Feb 25, 2010 15:03
There are strange things in these walls that you cannot see, things that fear, things that hurt.
I've tried to reach out and touch them but they're are like words lingering on the tip of my tongue.
I reach out my hand, and they are gone.
Now I wonder, if I am the one that pushed them off the edge?
It wouldn't be the first time I've sacrificed a memory in return for my sanity. But sometimes I feel like I'm missing something more important. Something that required that part of me to exist.
Like an emotion that makes no sense if you've no anchor.
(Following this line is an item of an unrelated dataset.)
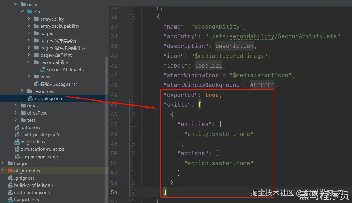 exported 与skills 只有一个用来说明该 UIability 具有调起其他页面的能力

Today, I am sure, will be more or less the same as all my 'waking' moments these days. I will flutter around the house like a tiny bird looking for an open window to escape into the world outside. Except I know if I step out of the door I walk right into a larger cage, where things are bright and unforgiving. And without somewhere to run to, I am just one small creature waiting to be crushed beneath the hand of God.
Mostly, I just sit amongst the cats. Try and sleep like them, try to run like them. Anything to forget this immortal headache. But sometimes I feel they know I am a bird, and it makes me anxious to think that they might destroy me.
Sometimes, the strange things wash over me like a burning wave in my solar plexus and for a moment I am pulled backwards into the shadows. Other times, like a little child pulling at my coat asking me something so utterly ridiculous I can't help but laugh quietly to myself. I don't know what it is exactly they're trying to tell me, or if I should even try to grasp it, feeling so oddly precarious of late...
...So perhaps today I might draw something, if the strange things will give me a crumb to chew on, just a taste of what I need to create.Or maybe today, I will be dacryphillia doll to something cold, and you will all know what it is to see me cry.